Background: Current American Heart Association guidelines recommend withholding all antiplatelet use within 24 hours of thrombolytic use because of concerns regarding an increased risk of intracerebral hemorrhage (ICH). The increased use of emergent thrombectomy, angioplasty, and stent placement in endovascular treatment of acute stroke has prompted a reconsideration of antiplatelet use within 24-hour period. Objective: To determine if there is an increased rate of poor outcomes and ICH in acute ischemic stroke patients that undergo intra-arterial thrombolysis (IAT) and are started on antiplatelets within 24 hours of thrombolytics. Methods: All IAT treated acute ischemic stroke patients identified through a prospective database maintained from two comprehensive stroke centers over a 6-year period. Patients’ clinical characteristics, timing of antiplatelet agents, rates of poor outcome at discharge (modified Rankin score [mRS] of >3) and ICH were obtained and analyzed. Results: Among the total 115 patients that underwent IAT, 65 patients (mean age 60 ± 16.4; 60% men) were started on antiplatelet agents within 24 hours. 43 (66%) patients were started on single antiplatelet, 19 (29%) on dual antiplatelet, and 3 (4.7%) on triple antiplatelet agents within 24 hours of IAT. The proportion of patients with admission NIHSS score>20 was similar in patients who received antiplatelet agents within 24 hours versus those who received them after 24 hours (22% versus 24%, p=0.8) Compared with patients in whom antiplatelets were started after 24 hours, there was no significant difference in the rates of post-procedure ICH (20% versus 9%, p=0.09) and in-hospital mortality (12% versus 12%, p=0.9) in patients started on antiplatelets within 24 hours.
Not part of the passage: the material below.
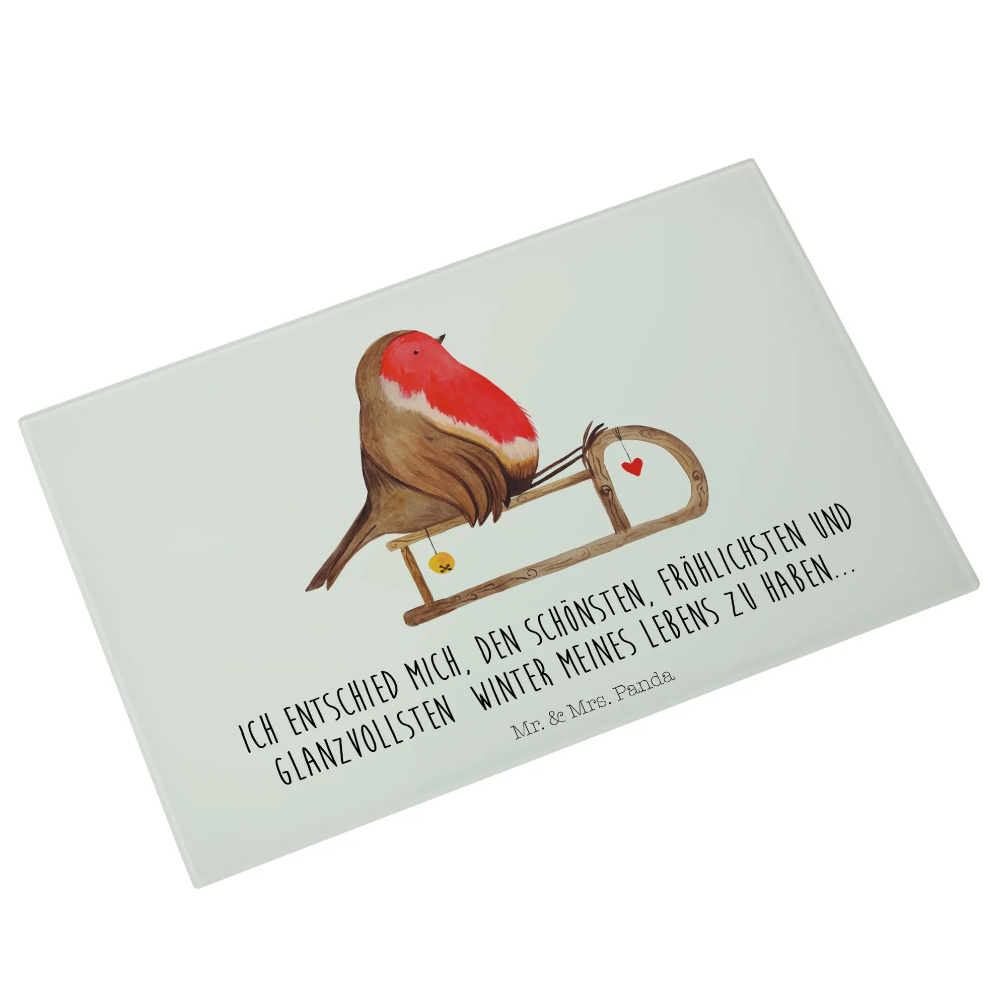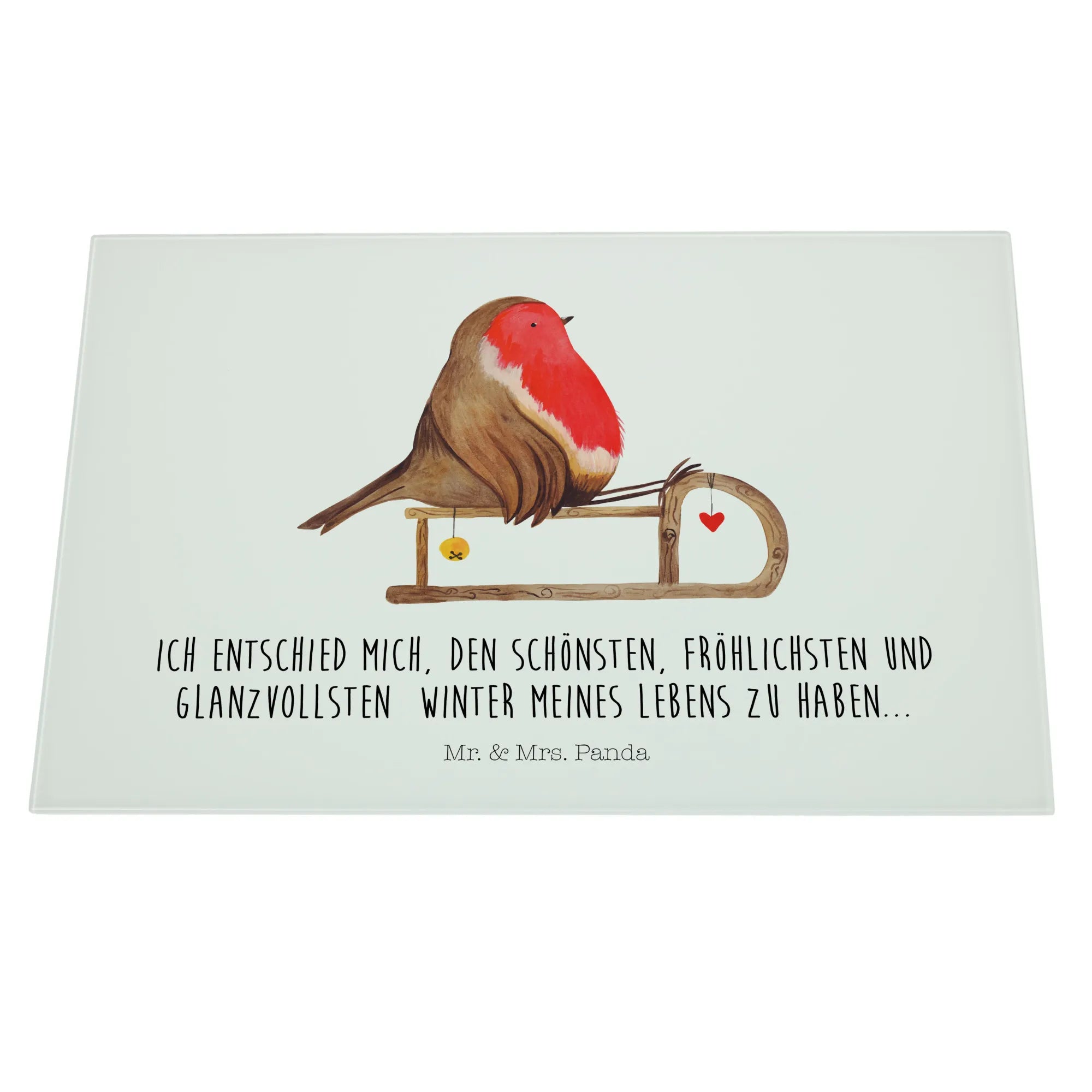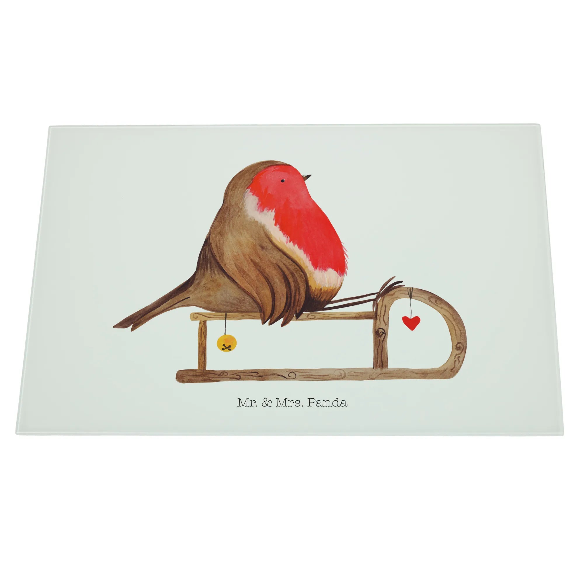 Introducing the perfect blend of style and functionality: the Glass Cutting Board featuring a charming Robin Sleigh from the beloved Winter Collection by Mr. & Mrs. Panda!

There was no significant difference in the rates of poor outcomes (64% versus 71%, p=0.5) between the two groups. Conclusions: Despite the existing recommendation advising against the initiation of antiplatelet agents within 24 hours of thrombolysis, there seems to be no significant risk of increased ICH or mortality with such a practice in IAT cases. Larger prospective studies are needed to identify the benefit of early initiation of antiplatelet agents before broad use is implemented.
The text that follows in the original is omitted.